Three AI companies are heading for Wall Street at nearly the same time. I asked their tools what they thought of it. The answers weren't what I expected — and they're more useful than anything in an S-1 filing.

First time reading? Get your own free subscription here.

AI INSIGHT
I Asked Three AI Tools What They Think of Their Own Companies Going Public

I gave three AI tools a question I wasn't sure any of them would answer without some bias. I asked each one what it thought about its own parent company going public. I found the answers quite interesting.

Yesterday's experiment was lighter: three AI tools, the same question about writing better prompts, to see what each one says. This one put more on the table.

Here is the backdrop. Last Friday, SpaceX went public on the Nasdaq under the ticker SPCX. It became the largest IPO in market history, targeting a $1.75 trillion valuation — more than double the entire US IPO market raised in all of 2025.

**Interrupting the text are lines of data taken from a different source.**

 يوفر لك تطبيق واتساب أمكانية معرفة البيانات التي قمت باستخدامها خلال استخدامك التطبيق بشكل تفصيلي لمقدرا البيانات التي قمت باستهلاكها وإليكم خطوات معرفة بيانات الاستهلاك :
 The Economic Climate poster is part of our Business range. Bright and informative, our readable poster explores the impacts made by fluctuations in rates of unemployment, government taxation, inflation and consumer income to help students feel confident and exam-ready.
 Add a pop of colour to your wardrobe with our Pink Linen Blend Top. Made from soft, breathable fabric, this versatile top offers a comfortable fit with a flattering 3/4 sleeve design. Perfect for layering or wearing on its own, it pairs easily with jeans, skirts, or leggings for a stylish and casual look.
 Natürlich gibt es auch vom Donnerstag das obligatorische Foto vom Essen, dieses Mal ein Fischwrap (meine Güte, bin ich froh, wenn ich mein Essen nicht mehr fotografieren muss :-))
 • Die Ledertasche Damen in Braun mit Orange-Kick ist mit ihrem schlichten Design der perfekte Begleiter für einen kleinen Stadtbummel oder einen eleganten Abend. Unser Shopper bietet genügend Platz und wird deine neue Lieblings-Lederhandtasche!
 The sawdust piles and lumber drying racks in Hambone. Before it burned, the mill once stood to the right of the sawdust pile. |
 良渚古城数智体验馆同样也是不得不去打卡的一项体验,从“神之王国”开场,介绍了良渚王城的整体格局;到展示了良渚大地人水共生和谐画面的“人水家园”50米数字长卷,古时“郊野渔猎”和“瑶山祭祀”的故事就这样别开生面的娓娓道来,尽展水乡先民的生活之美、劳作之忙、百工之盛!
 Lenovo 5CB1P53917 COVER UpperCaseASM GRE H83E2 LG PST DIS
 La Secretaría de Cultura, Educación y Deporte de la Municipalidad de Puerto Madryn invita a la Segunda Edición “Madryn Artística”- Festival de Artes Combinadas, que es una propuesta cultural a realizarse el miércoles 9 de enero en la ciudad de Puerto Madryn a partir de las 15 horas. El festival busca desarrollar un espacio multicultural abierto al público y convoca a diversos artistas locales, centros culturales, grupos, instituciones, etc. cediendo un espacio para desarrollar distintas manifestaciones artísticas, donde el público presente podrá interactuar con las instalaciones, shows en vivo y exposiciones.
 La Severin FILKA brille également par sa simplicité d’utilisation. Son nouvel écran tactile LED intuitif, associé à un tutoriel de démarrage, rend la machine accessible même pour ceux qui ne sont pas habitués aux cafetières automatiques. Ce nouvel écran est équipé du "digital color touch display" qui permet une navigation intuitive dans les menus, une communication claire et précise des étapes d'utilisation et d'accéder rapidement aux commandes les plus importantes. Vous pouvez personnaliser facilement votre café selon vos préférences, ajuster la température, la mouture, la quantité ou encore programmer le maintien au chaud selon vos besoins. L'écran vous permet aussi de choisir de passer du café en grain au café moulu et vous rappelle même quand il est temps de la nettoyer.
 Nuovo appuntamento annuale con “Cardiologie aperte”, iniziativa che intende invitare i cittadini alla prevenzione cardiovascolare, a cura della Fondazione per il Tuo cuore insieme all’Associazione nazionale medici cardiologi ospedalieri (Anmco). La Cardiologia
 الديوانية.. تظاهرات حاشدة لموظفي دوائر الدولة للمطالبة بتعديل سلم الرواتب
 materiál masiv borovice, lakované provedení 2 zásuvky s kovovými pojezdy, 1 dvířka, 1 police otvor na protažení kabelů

But here is the detail most people glossed over. In February 2026, SpaceX acquired xAI, the company behind Grok, in an all-stock deal. When the opening bell rang last Friday, the company debuting was not just a rocket business. It was a rocket company that also owns a social media platform and an AI chatbot. Buy one share of SPCX and you own a piece of all three.

Meanwhile, as CNN reported, Anthropic (which makes Claude) filed for an IPO on June 1st. OpenAI (which makes ChatGPT) followed within days. Both are circling valuations near $1 trillion. Three AI-connected companies, all headed for Wall Street at the same time.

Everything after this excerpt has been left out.